The governor’s list of proposals also includes an amendment to the Alaska National Interest Lands Conservation Act of 1971 to ease the regulatory requirements for routing seven miles of the gas pipeline just inside the eastern edge of Denali National Park. Alaska Sen. Lisa Murkowski tried adding the same amendment to an energy bill last year, but Congress never took action on the legislation.
The Alaska LNG team has advocated the park route as a better alternative than building the line across steep side slopes and unstable terrain farther east, outside the park boundary. The alternative route also would eliminate the need to build a 500-foot-long pipeline bridge across a steep canyon, and would bring gas closer to park facilities for use as an alternative to diesel fuel.
Without the change in federal law, however, the alternative routing, regardless of its benefits, would be subject to an “impracticable … unreasonably difficult if not impossible” duplicative federal regulatory process under a seldom-used provision of the Alaska National Interest Lands Conversation Act, project sponsors said in filings last fall with FERC.

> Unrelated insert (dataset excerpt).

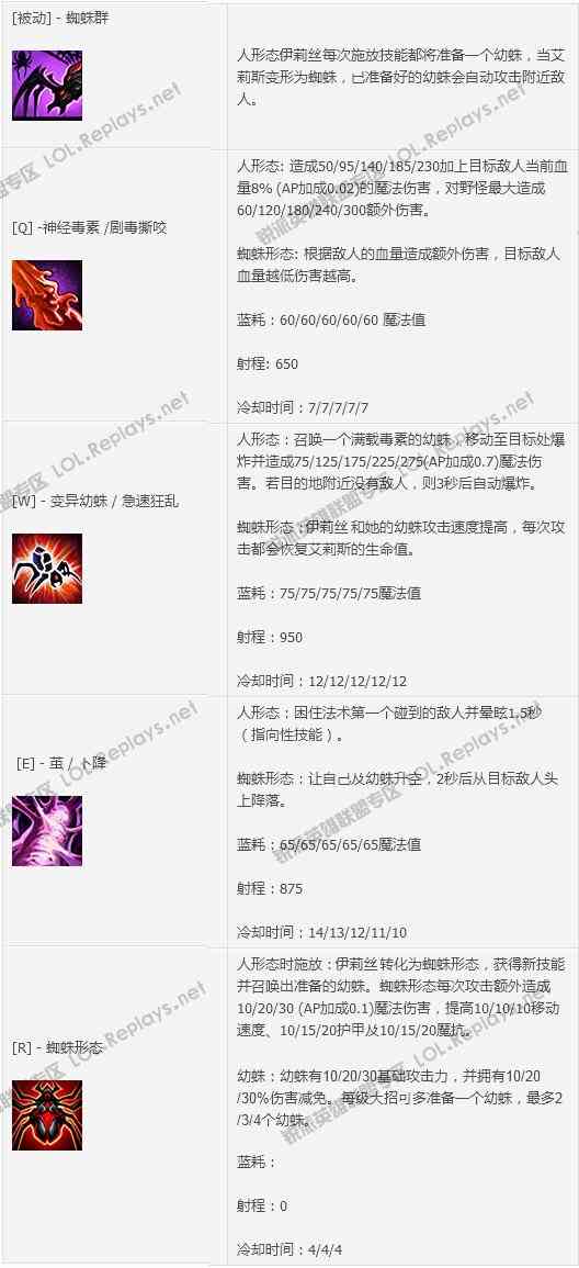 伊莉丝是一位可怕的GANKER,GANK的技能衔接:人类形态Q+W(W为主要输出技能),目标逃跑时用E留住,之后切换为蜘蛛形态开W,再自动攻击。这套连招配合队友造成击杀绰绰有余。

It is an embarrassing spectacle

Today Persily’s column across the way seems to characterize a desperate attempt by Alaska’s governor to have the Feds make an infeasible LNG export project feasible by loan backstopping and the expediting of permits, among other things.  

The “other things” include a plea that Alaska’s government-owned, socialized, gas monetization scheme — which is currently uneconomic — be granted a virtual franchise by the federal government of the project benefits its governor is requesting.  This would mean that if such an unprecedented franchise were granted to the Walker administration by the Trump administration, any future project could be held hostage by government.  How?  In a more economic LNG marketing environment, the state could retain “ownership” of a project, complete with federal benefits, and “hire” private enterprise “gofers” to do the work.  It would also create opportunity for various types of corruption that we will not discuss here, for the time being.

It would be a sock in the eye of free enterprise, a deal into which we can’t imagine the Trump administration buying.

Meanwhile, as we have continued to comment on the importance of competition in the world oil and gas market, last week we saw how socialist adherents, amazingly, believe that predatory tax policies do not affect oil industry investment.

We have seen the governor of Alaska threatening a tax on gas reserves.

We have seen the governor failing to provide investors with a constitutional guarantee of fiscal stability.

We have seen the hiring of cronies by the administration at exorbitant salaries.

We have seen the governor failing to timely grant tax credits expected by small producers who responded to the call to explore more in return for incentives granted in law.

We have seen the gradual absorption of Alaska’s LNG export project as an arm of government by a governor willing to spend the citizen’s money on a project determined to be not economically feasible by the state’s major oil and gas industry investors. 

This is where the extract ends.